Techniques to help you relax in the water will help you avoid this common pitfall. Lowering your head by slowing the stroke down and practising shallower breathing is also beneficial. Remember: the water line should be just above your goggles and you should be looking forwards through the water at a downward angle of about 45°.
Shallow arm recovery
This can be caused by poor mobility and flexibility in the shoulder and possibly an ill-fitting, tight wetsuit.
To avoid this problem, practise high-elbow recovery drills in the pool and think about this while swimming in the lake. Your arm recovery needs to be higher, so practise changing your recovery arm position by bringing your arm over higher without such a bent elbow.
Kicking too much
Nervous swimmers often do this because they’re panicking and think they need to kick a lot to swim fast. Plus, they might be used to kicking a lot in the pool.

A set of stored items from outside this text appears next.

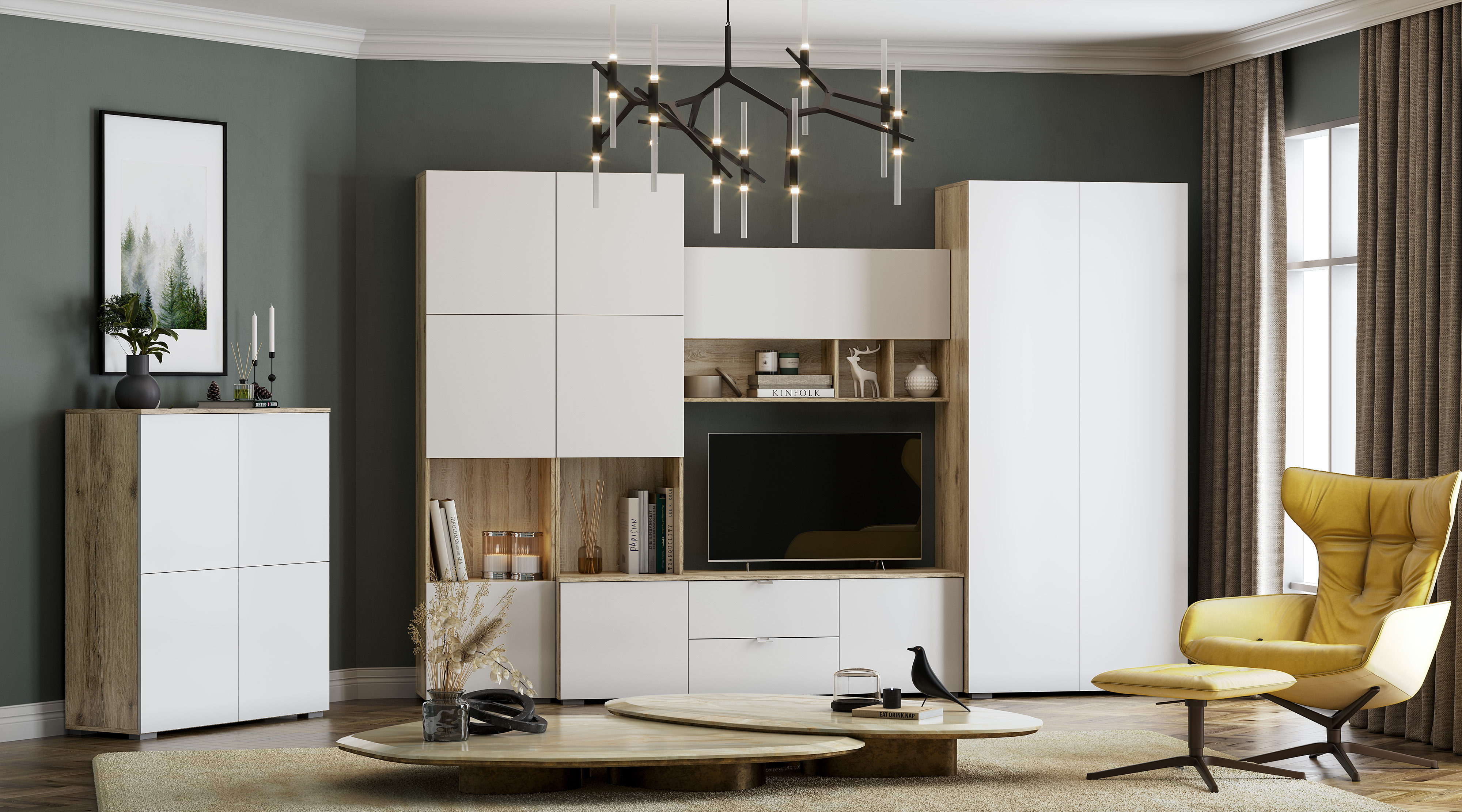 Лаконичная и стильная стенка Милан в современных оттенках станет центральным элементом в Вашей гостиной.
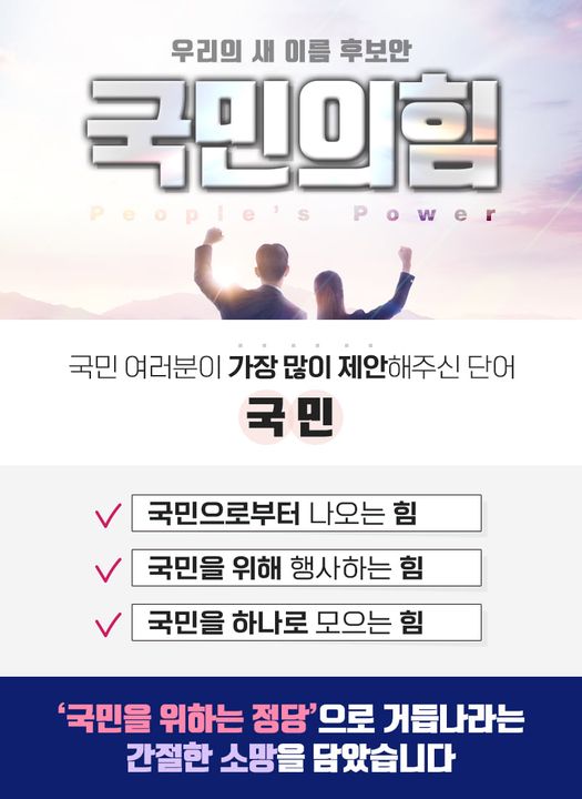 당명 교체 작업을 총괄한 김수민 홍보본부장은 탈이념에 초점을 맞췄다며, 공모로 ‘국민·자유·한국’이라는 단어를 선정했고, 그 중 진영 색채가 가장 약한 국민을 당명에 넣기로 결정했다고 밝혔다.
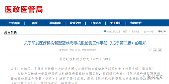 2020年12月30日,我國(guó)衛(wèi)健委發(fā)布《醫(yī)療機(jī)構(gòu)新型冠狀病毒核酸檢測(cè)工作手冊(cè)(試行第二版)》,并強(qiáng)調(diào)要求使用高靈敏檢測(cè)試劑盒(檢測(cè)限≤500拷貝/mL)。

To get your kick under control, learn to relax and trust in the fact that your wetsuit improves your buoyancy significantly, so there’s no need to kick furiously. Use the buoyancy of the wetsuit to get into a horizontal position. Try just floating in your wetsuit and you’ll be amazed at how buoyant you are.
The only time you need to increase your leg kick is during the last 20-30m of the swim before transition. Kicking harder here increases blood flow into your legs and will reduce dizziness as you stand up.
Take the plunge
Open-water swimming shouldn’t be something you fear or loathe. With the right choice of venue, coaching and advice, it can easily become one of the most enjoyable parts of your multisport training.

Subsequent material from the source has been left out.